Orenburgsky Zapovednik


Orenburgsky Zapovednik is Russia’s only zapovednik protecting every aspect of its last remaining steppe ecosystems. In four separate regions along the Kazakhstan/Orenburg Region border are steppe habitats ranging from woodlands to wetlands alongside more than 20 freshwater springs and flat, semidesert plains at the foot of rolling mountains.

Dwelling here are some 48 mammal species, including beavers, lynx, wolves, and red foxes, and—resident or transitory—some 200 bird species, including vulnerable upland buzzards, imperial and steppe eagles, and lovely demoiselle cranes.

Great bustards, once thought extinct here—one of the world’s largest birds, males weighing up to 45 pounds (21 kg)—now nest. Endangered little bustards, pied avocets, and golden plovers are among waves of water-oriented birds which stop by in migration between far northern Russia and Europe and central Asia.
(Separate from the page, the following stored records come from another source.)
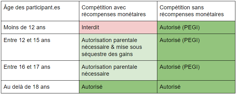 À noter également que la participation des mineurs de moins de 12 ans à ces compétitions est interdite et que celle des mineurs de moins de 16 ans est strictement encadrée.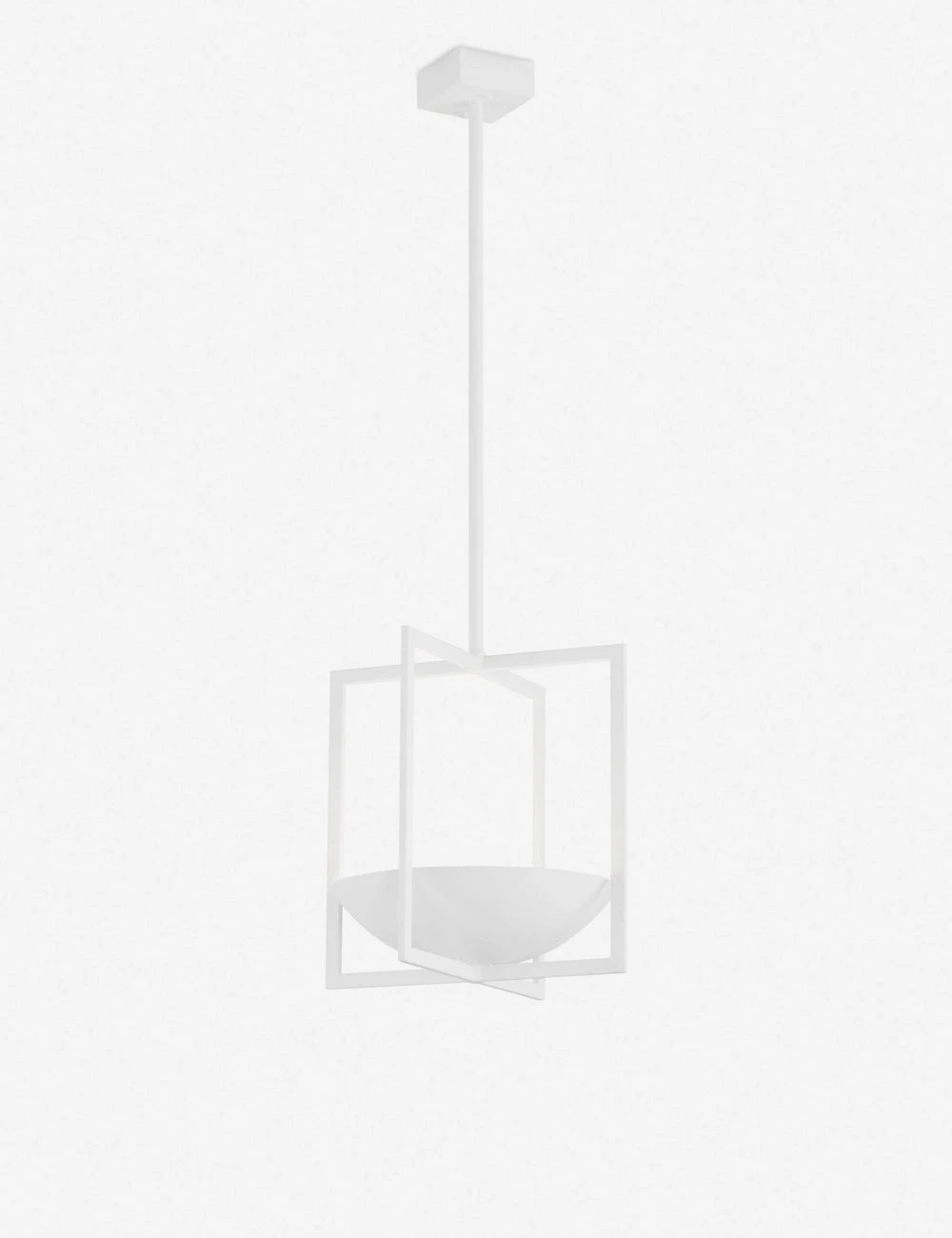 The Quintana pendant light strikes geometric appeal from every angle. The airy linear frame holds a basin shade that casts light up, filling the room with a bright ambiance. Style this hanging light in an entry or as a set framing your bed.
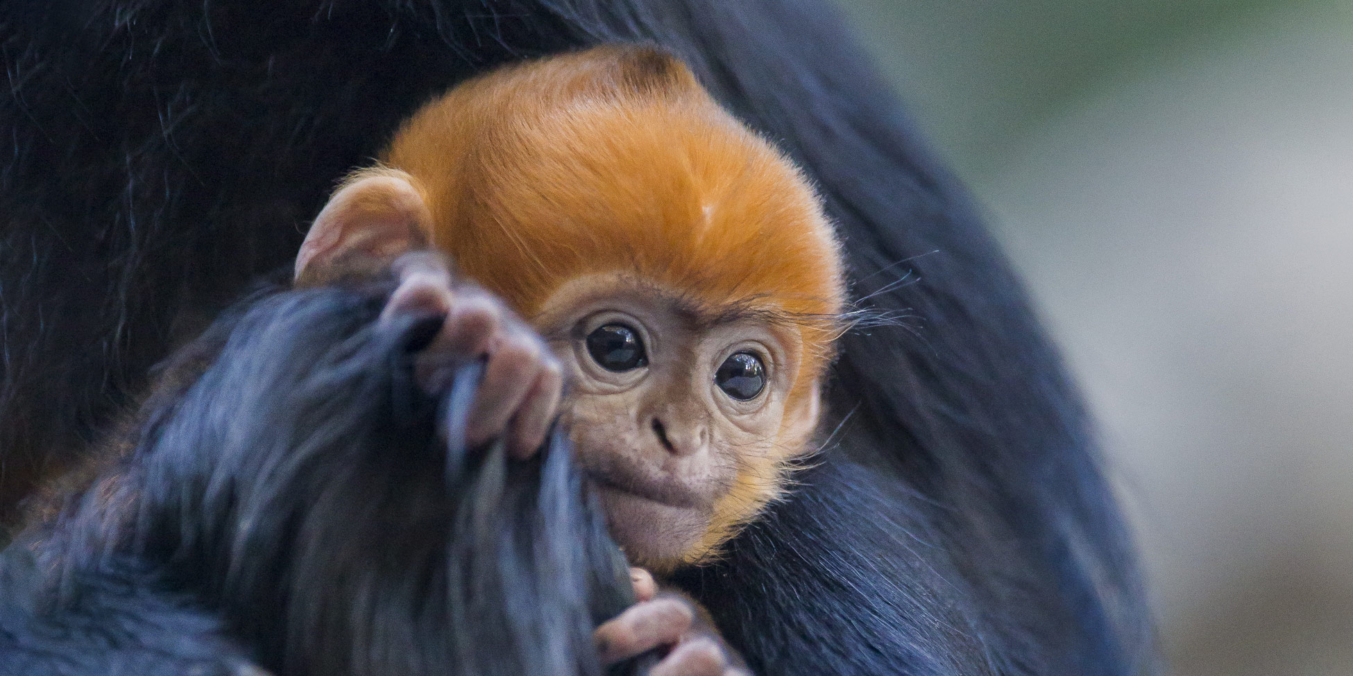 Like all young Francois Langurs, Didi was born with distinctive bright orange hair, a stark contrast to his parents’ black colouring. It’s believed the colour distinction makes it easier for adults to identify and look after infants.

European hares graze grassy hillsides. Badgers den in rocky mountain caves. Roe deer and wild boars shelter in woodland tracts. Beavers build dams along rivers. Weasels, American mink, and ermines prey on ground squirrels and others among a large rodent population, including steppe marmots (aka bobak).

Wild flowers blaze over hillsides and grasslands in spring and early summer—a palette of red, yellow, magenta, and blue tulips, purple pasqueflowers, yellow Siberian pea-trees, pink-blossoming Russian almonds and, later, magenta, red, and purple gladiolus, and military orchids.

All these flora and fauna have returned since protection began in 1989. Chief problems are fires, some human-set, which every year destroy habitat, and separation of the four regions, making oversight difficult.